Electronics manufacturers and automation companies are working double time to ensure a fully integrated and seamless smart manufacturing. For that reason, NVIDIA Founder and CEO Jensen Huang underscored how manufacturers are employing the company’s technologies to enable autonomous factories.
In his keynote speech Sunday night ahead of Computex, Huang said dozens of electronics manufacturers and automation providers are showcasing NVIDIA software and tools in automation production. Specifically, he noted how a workflow that combines workflow combines NVIDIA Metropolis vision AI, NVIDIA Omniverse™ physically based rendering and simulation, and NVIDIA Isaac™ AI robot development and deployment.
“By using the workflow to build digital twins for real-time simulation of different factory layouts, manufacturers can optimize space, processes and efficiency without costly physical changes,” said Huang.
The NVIDIA CEO said manufacturers are seeing a need to turn factories into autonomous machines amid the increasing challenges in production. Thus, generative AI and digital twins are crucial to make smart manufacturing a reality. For one, AI can drive large language models to boost floor productivity. ON the other hand, Huang cited digital twins to help manufacturers simulate and develop factories and AI-powered automation prior to deployment in real factories.
He said NVIDIA Omniverse and Metropolis help to build digital twins for factories, planning efficiency optimizations and worker safety improvement at a number of manufacturing sites.
At COMPUTEX, several companies are using NVIDIA’s reference workflow to build, simulate, and operate their robotics-enhanced facilities.
For example, Huang noted how Foxconn, one of the world’s largest electronics manufacturers, develops digital twins of its factories on NVIDIA Omniverse. Specifically, this platform allows virtually integrating 3D data from leading industry tools such as Teamcenter from the Siemens Xcelerator platform.
Omniverse helps Foxconn’s teams optimize equipment layout for operational flow and AI cameras to monitor worker safety with NVIDIA Metropolis. Thereafter, Foxconn can use the factory digital twins as virtual training environments. Particularly, to simulate, test, and validate its autonomous mobile robots (AMRs) built on NVIDIA Isaac Perceptor acceleration libraries. Meanwhile, NVIDIA Isaan Manipulator AI models can program AI robot manipulation arms.
Several other companies have adopted the NVIDIA reference flow in enhancing their respective production floors.
Global electronics giants are integrating NVIDIA’s autonomous robotics into their factories. Thus, leveraging simulation in Omniverse to test and validate this new wave of AI for the physical world. This includes over 5 million preprogrammed robots worldwide.

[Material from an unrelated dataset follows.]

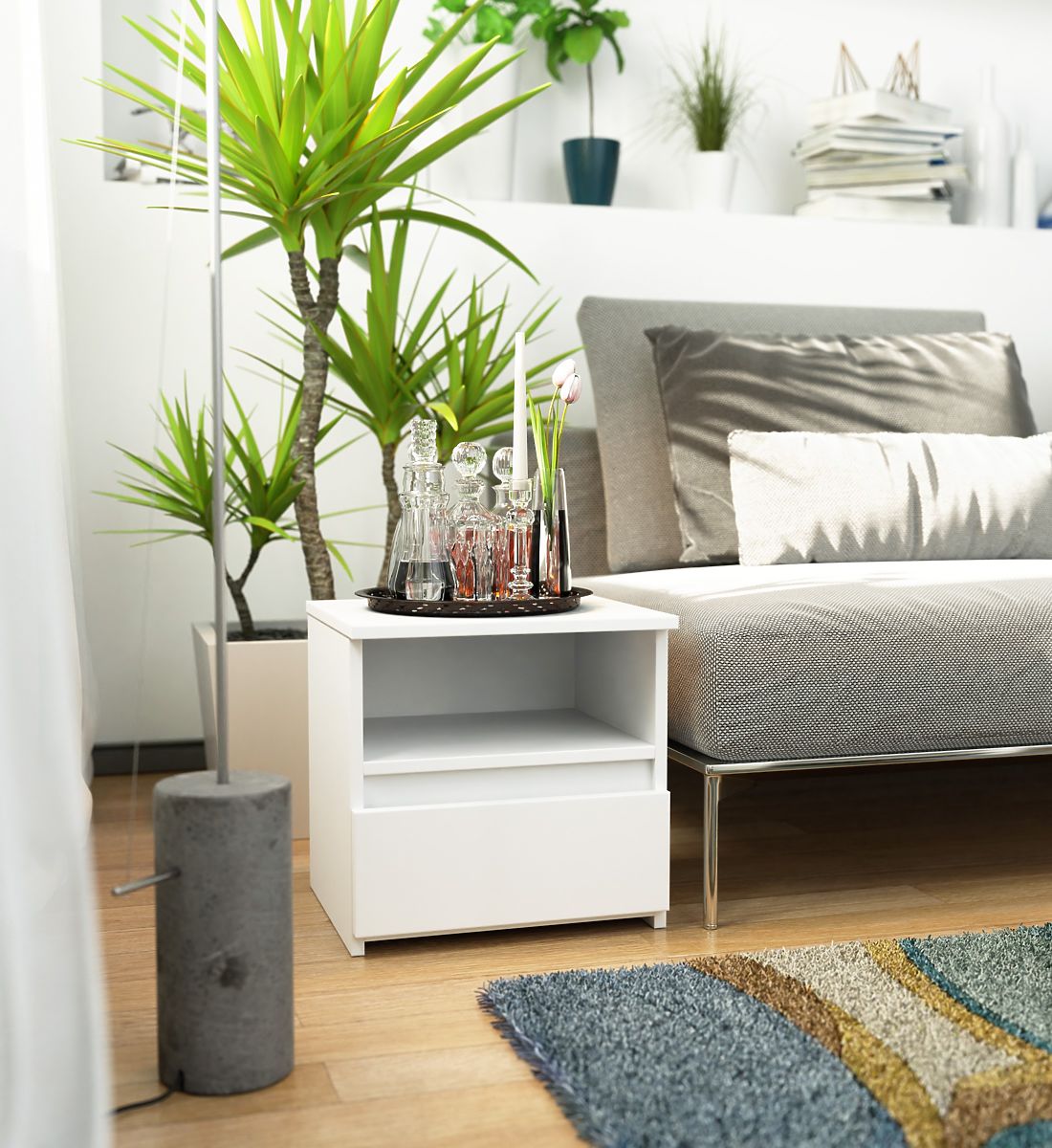 Biely nočný stolík CL1 s jednou zásuvkou a ABS hranou. .. viac

“All the factories will be robotic. The factories will orchestrate robots, and those robots will be building products that are robotic,” Huang explained.
Huang emphasized NVIDIA Isaac’s role in boosting factory and warehouse efficiency, with global leaders like BYD Electronics, Siemens, Teradyne Robotics and Intrinsic adopting its advanced libraries and AI models.

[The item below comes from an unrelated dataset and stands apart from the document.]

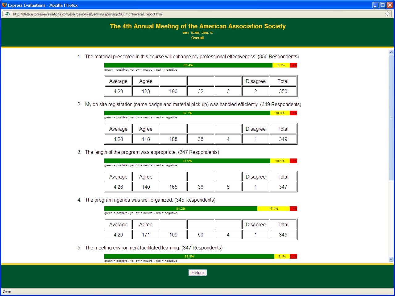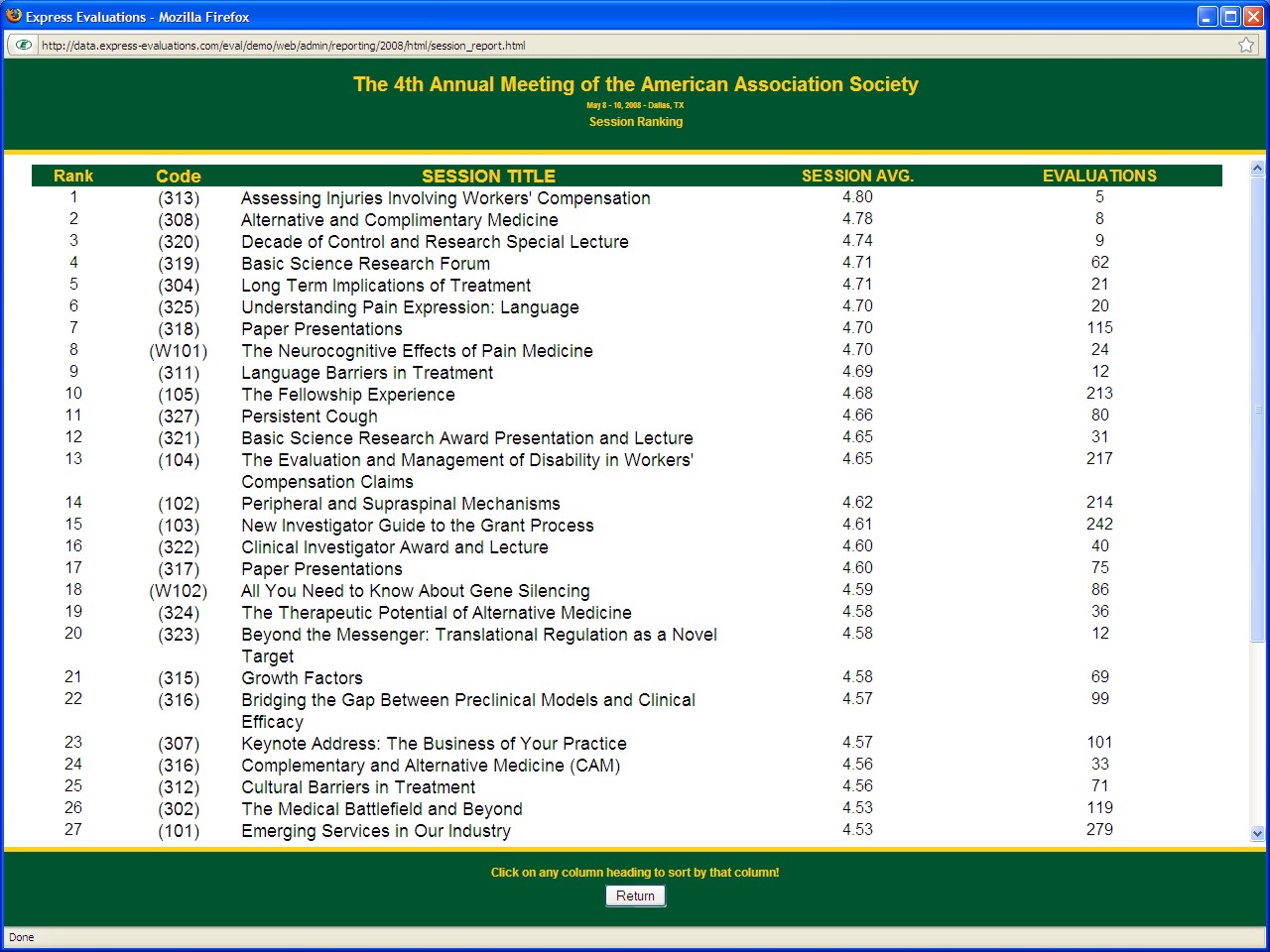 The administration area of the web site provides access to crediting details and copies of individual CE certificates. Standard reports, such as Session/Speaker reports, Session Ranking, Speaker Ranking, Attendee Crediting, and Demographic statistics, will be available on a near real-time basis (updated nightly). Some report examples are detailed below.

NVIDIA AI Enterprise on the IGX platform, with partners like ADLINK, Advantech and
“The era of robotics has arrived. Everything that moves will one day be autonomous,” said Huang. In addition, he said, “We are working to accelerate generative physical AI by advancing the NVIDIA robotics stack, including Omniverse for simulation applications, Project GR00T humanoid foundation models and the Jetson Thor robotics computer.”
Moreover, Huang added, “Robotics is here. Physical AI is here. This is not science fiction, and it’s being used all over Taiwan. It’s just really, really exciting.”